Что это за место и что за работа, я понял, лишь когда впрягся в нее, и ещё раз убедился, что мой бутерброд всегда падает только маслом вниз, а несчастья настигают меня первым и покидают последним.
И, как всегда, единственным утешением было участие добрых людей, бескорыстное братство ссыльных, готовых поддержать, заслонить собою, выручить из беды, поделиться последним с товарищем. Все мы перезнакомились в узеньком коридорчике сельсовета, ожидая вызова на отметку. Нас было двадцать мужчин и четыре женщины. Поволжские немцы и эстонцы были на особом учёте, на более легком режиме и держались отдельно.
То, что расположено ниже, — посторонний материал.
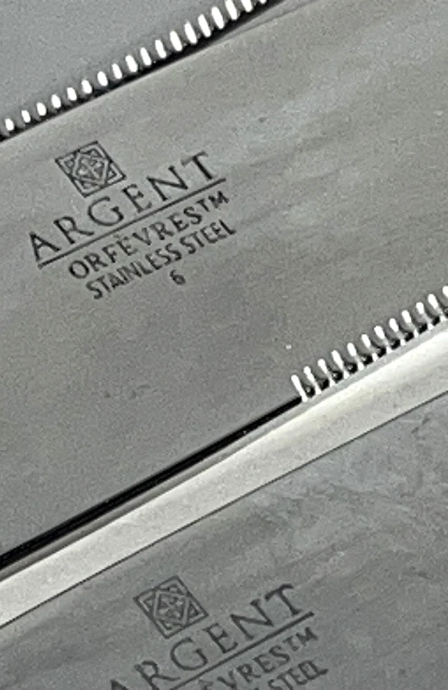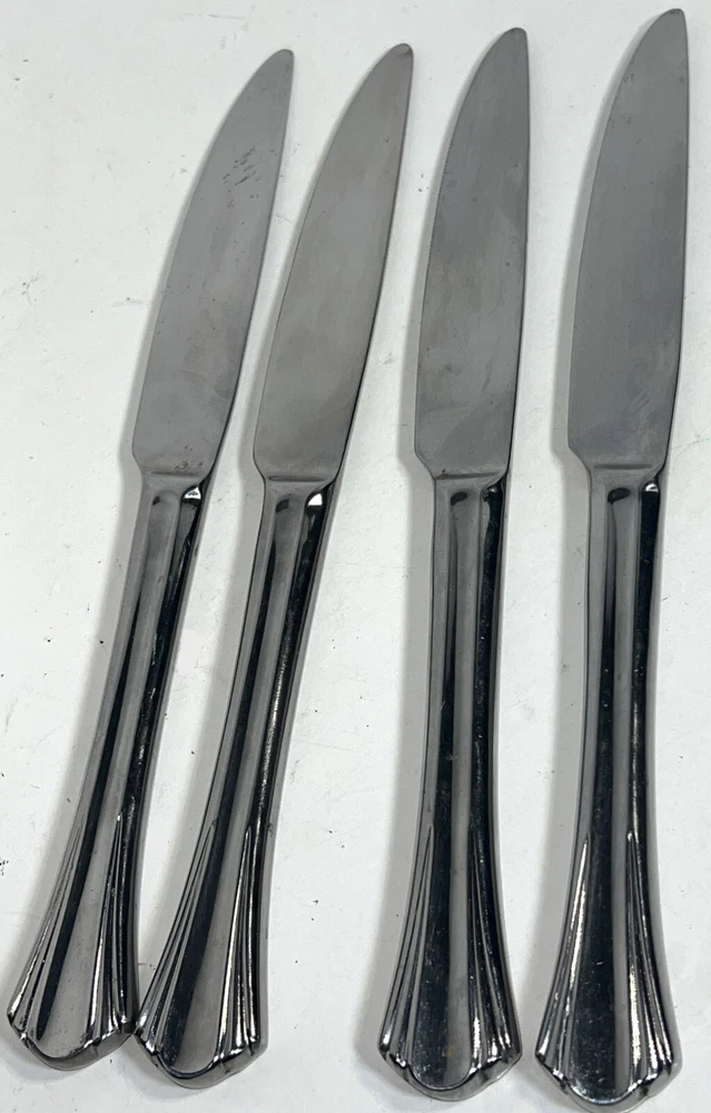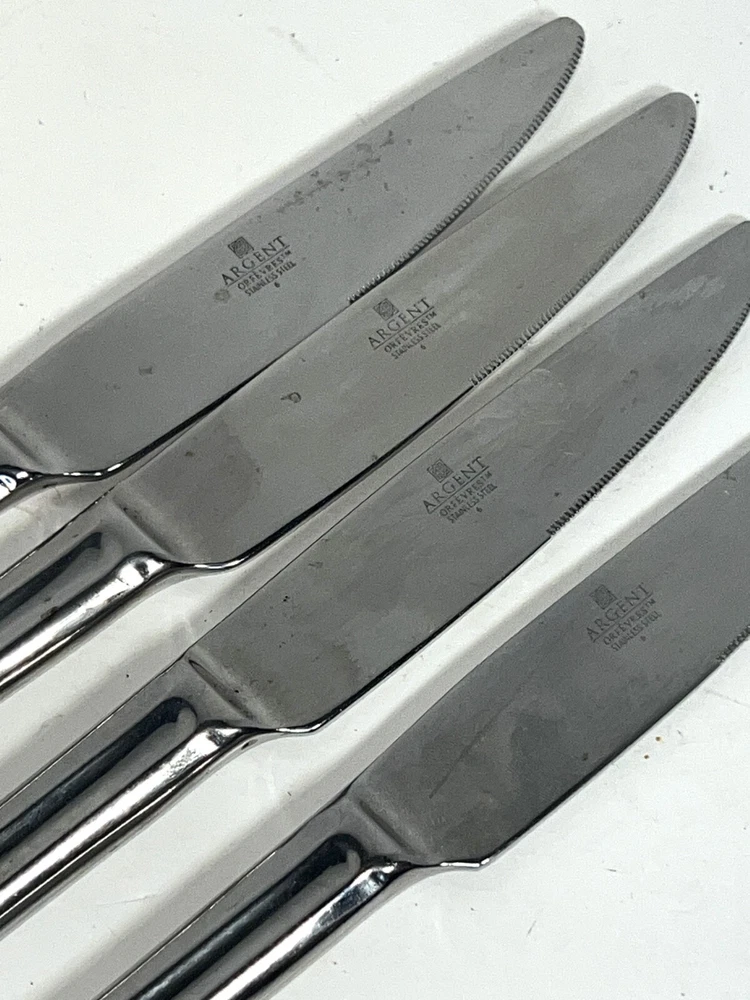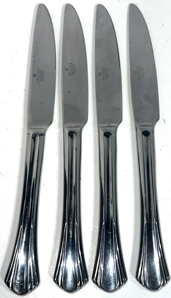 Lot of 4 Argent Orfevres GERTRUDE Hampton Silversmith Stainless Steel 9.5" Long French Solid Dinner Knives. Good gently used condition with some minor normal usage wear including some light scratches, see pics.

В селе был фельдшерский пункт с амбулаторией и двумя палатами для тяжелобольных. Заведовала медициною сельсовета московский врач высокой квалификации, добрейшей души человек Элла Григорьевна Брускина. В складчину с интеллигентной ленинградкой Анной Яковлевной они купили напротив амбулатории маленькую избушку. Обустроили её так, что она стала самым уютным и желанным приютом для многих ссыльных — в тесной комнатке всем хватало места. Помимо нас троих сюда часто заходил бывший профсоюзный деятель Иван Михайлович Ермаков, любитель вести философские беседы «вообче». Тут он латал сапоги и шил из старых голенищ чирки. Вспоминая жизнь на воле рассказывал: «Я в своё уремя говорил лексии по обчим вопросам исполнения часа по два, нащёт Антанты и дурмана религии. И вот на тебе! За мою приверженность и кристальную преданность и меня туда же, со всем раённым руководством. Хоть сейчас гожусь на любой ответственный участок. Тридцать шесть жалоб только товарищу Сталину отправил. И — молчок. Перехватывают, ироды. Кабы дошли, Иосиф Виссарионович вмиг бы освободил и должностишку предоставил. Я ещё своего до-о-бьюсь. Мотивировочки есть, будьте уверены».